WORK ORDER: Retype every line of the data below, starting with the first and ending with the line that contains "We found a couple", but leave out the pictures.

Stored data:

________________________________________

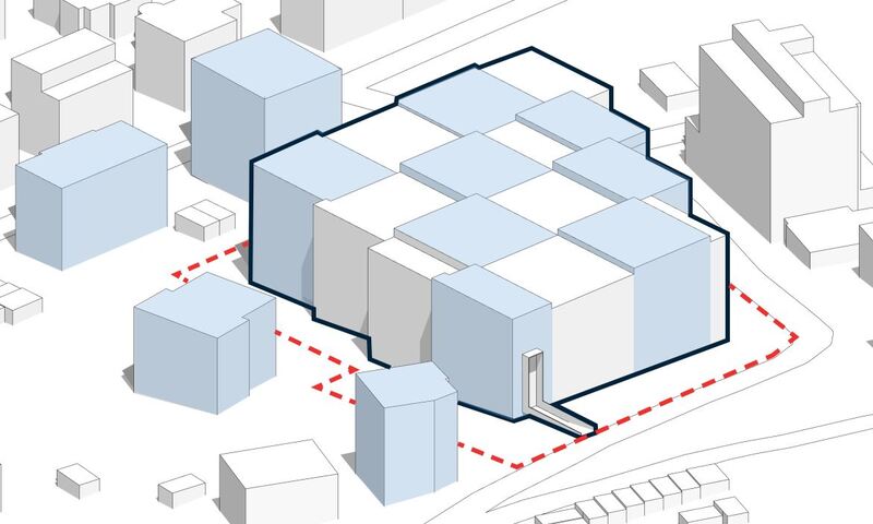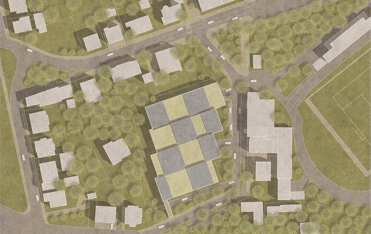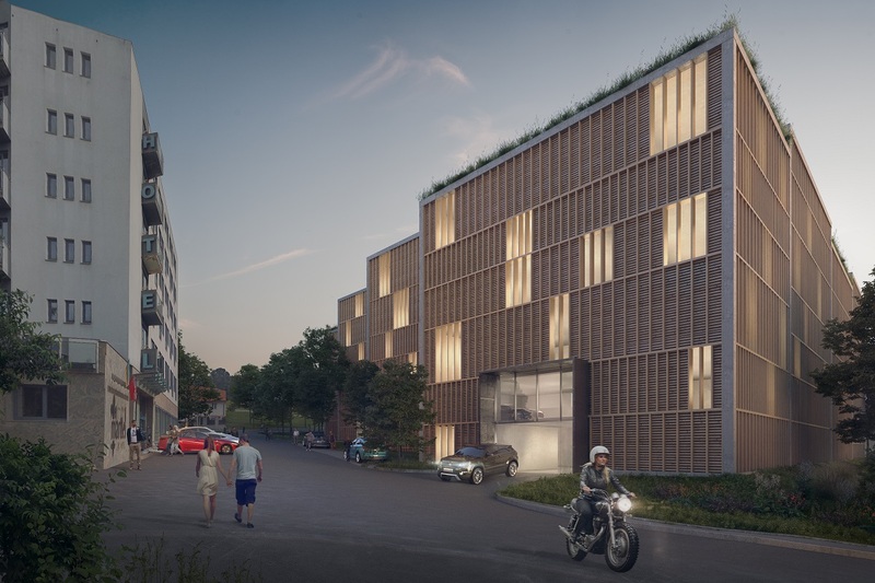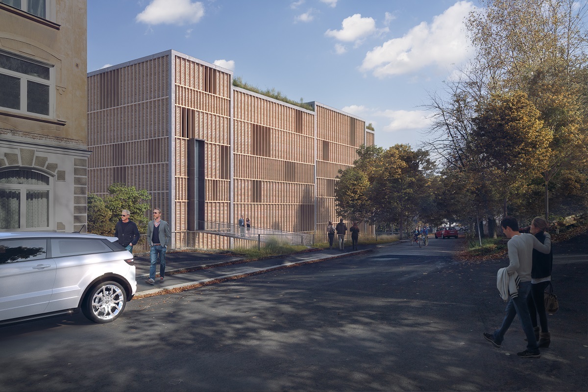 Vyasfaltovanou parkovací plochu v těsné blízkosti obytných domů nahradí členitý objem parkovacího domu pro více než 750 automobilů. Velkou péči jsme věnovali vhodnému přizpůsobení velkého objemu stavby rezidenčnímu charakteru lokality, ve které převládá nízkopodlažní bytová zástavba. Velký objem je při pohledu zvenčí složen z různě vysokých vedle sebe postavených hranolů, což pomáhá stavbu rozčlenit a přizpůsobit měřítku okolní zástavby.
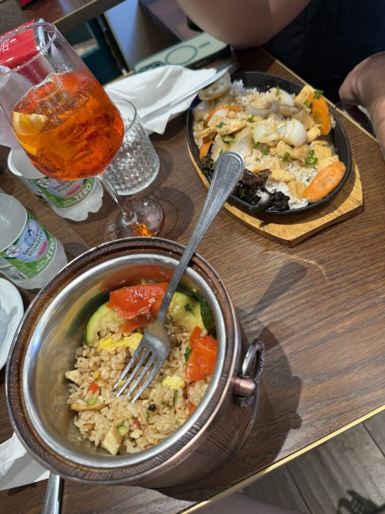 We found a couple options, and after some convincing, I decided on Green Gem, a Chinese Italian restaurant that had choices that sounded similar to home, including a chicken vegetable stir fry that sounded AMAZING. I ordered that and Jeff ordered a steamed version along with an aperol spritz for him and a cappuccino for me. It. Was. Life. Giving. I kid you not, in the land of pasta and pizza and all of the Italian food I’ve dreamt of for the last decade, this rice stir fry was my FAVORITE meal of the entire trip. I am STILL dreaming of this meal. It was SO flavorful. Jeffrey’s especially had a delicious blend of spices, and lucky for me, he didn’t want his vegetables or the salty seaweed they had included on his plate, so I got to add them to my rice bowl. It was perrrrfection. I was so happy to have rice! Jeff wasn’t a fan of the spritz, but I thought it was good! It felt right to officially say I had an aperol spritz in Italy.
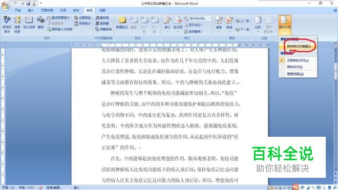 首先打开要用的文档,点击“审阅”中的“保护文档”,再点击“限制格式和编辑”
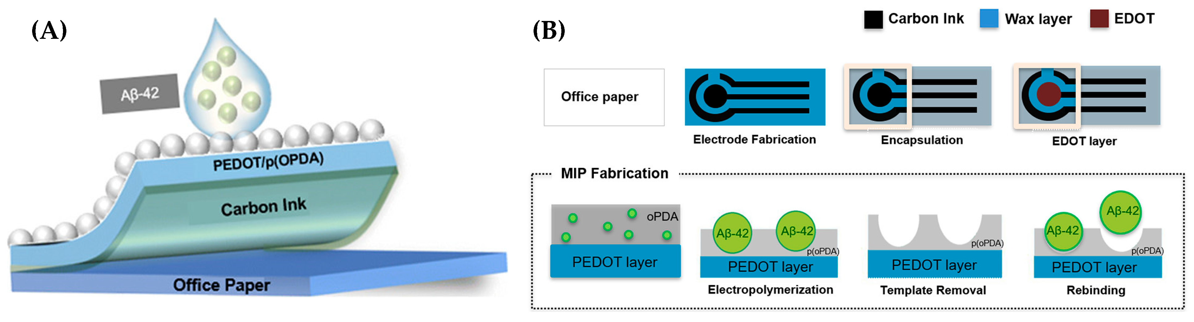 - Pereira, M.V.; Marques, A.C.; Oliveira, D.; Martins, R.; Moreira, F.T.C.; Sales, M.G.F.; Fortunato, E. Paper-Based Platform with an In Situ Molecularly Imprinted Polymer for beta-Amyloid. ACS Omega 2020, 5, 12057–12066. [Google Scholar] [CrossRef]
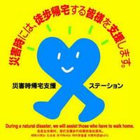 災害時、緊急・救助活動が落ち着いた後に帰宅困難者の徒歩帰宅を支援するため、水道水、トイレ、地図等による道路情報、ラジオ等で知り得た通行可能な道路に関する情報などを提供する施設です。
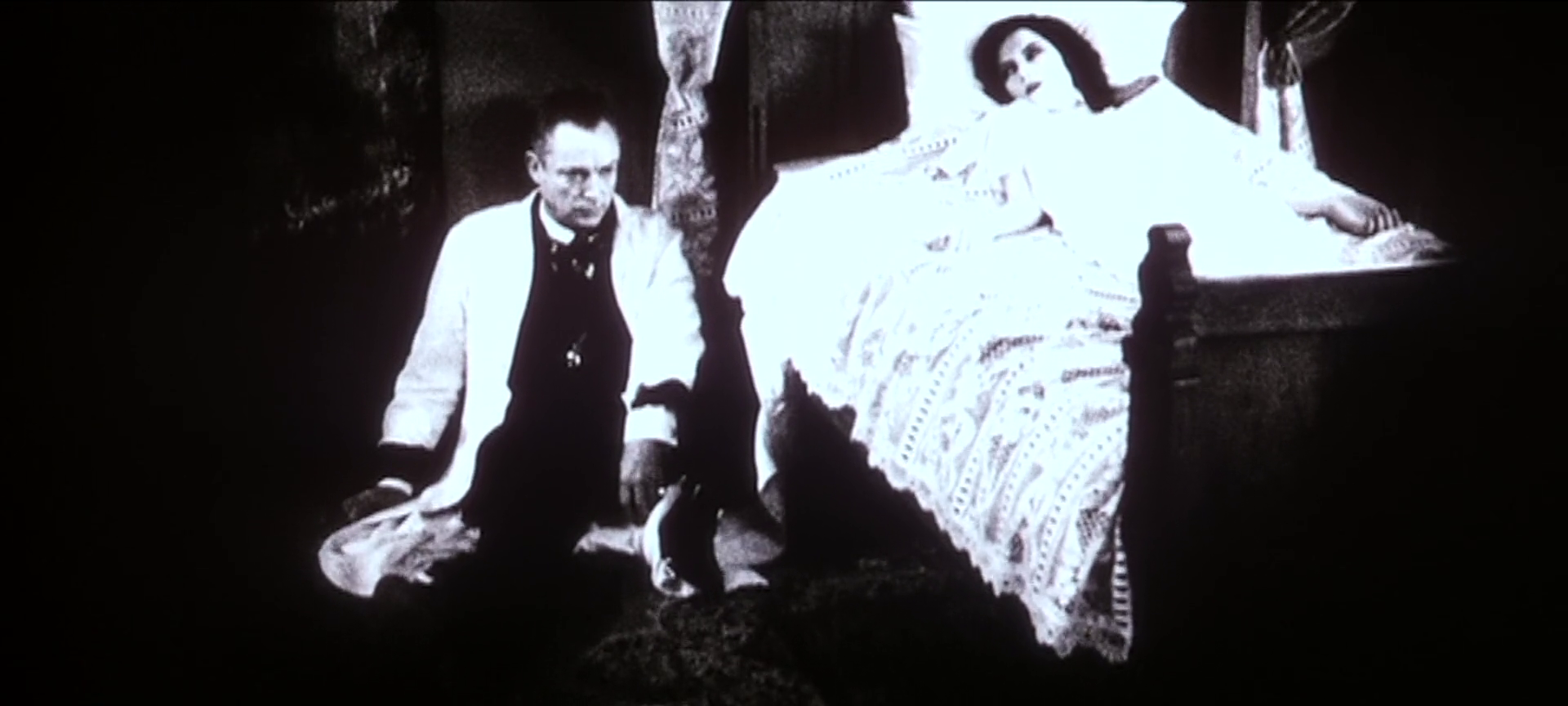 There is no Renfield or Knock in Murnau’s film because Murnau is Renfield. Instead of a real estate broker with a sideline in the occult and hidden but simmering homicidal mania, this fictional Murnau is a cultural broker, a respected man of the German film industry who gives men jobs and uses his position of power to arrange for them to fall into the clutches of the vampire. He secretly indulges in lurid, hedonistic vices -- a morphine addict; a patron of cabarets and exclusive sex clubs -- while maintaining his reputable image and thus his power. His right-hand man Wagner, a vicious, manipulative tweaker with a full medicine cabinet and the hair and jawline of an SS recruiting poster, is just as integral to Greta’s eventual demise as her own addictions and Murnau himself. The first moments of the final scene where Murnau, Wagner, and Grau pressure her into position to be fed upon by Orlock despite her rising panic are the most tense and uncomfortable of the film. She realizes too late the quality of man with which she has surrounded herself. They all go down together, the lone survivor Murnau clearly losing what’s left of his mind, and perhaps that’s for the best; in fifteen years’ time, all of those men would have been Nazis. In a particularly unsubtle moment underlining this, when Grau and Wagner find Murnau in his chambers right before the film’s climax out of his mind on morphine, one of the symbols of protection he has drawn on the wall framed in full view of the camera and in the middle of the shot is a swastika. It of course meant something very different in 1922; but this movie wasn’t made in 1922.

________________________________________

RESULT OF THIS TASK:
 Vyasfaltovanou parkovací plochu v těsné blízkosti obytných domů nahradí členitý objem parkovacího domu pro více než 750 automobilů. Velkou péči jsme věnovali vhodnému přizpůsobení velkého objemu stavby rezidenčnímu charakteru lokality, ve které převládá nízkopodlažní bytová zástavba. Velký objem je při pohledu zvenčí složen z různě vysokých vedle sebe postavených hranolů, což pomáhá stavbu rozčlenit a přizpůsobit měřítku okolní zástavby.
 We found a couple options, and after some convincing, I decided on Green Gem, a Chinese Italian restaurant that had choices that sounded similar to home, including a chicken vegetable stir fry that sounded AMAZING. I ordered that and Jeff ordered a steamed version along with an aperol spritz for him and a cappuccino for me. It. Was. Life. Giving. I kid you not, in the land of pasta and pizza and all of the Italian food I’ve dreamt of for the last decade, this rice stir fry was my FAVORITE meal of the entire trip. I am STILL dreaming of this meal. It was SO flavorful. Jeffrey’s especially had a delicious blend of spices, and lucky for me, he didn’t want his vegetables or the salty seaweed they had included on his plate, so I got to add them to my rice bowl. It was perrrrfection. I was so happy to have rice! Jeff wasn’t a fan of the spritz, but I thought it was good! It felt right to officially say I had an aperol spritz in Italy.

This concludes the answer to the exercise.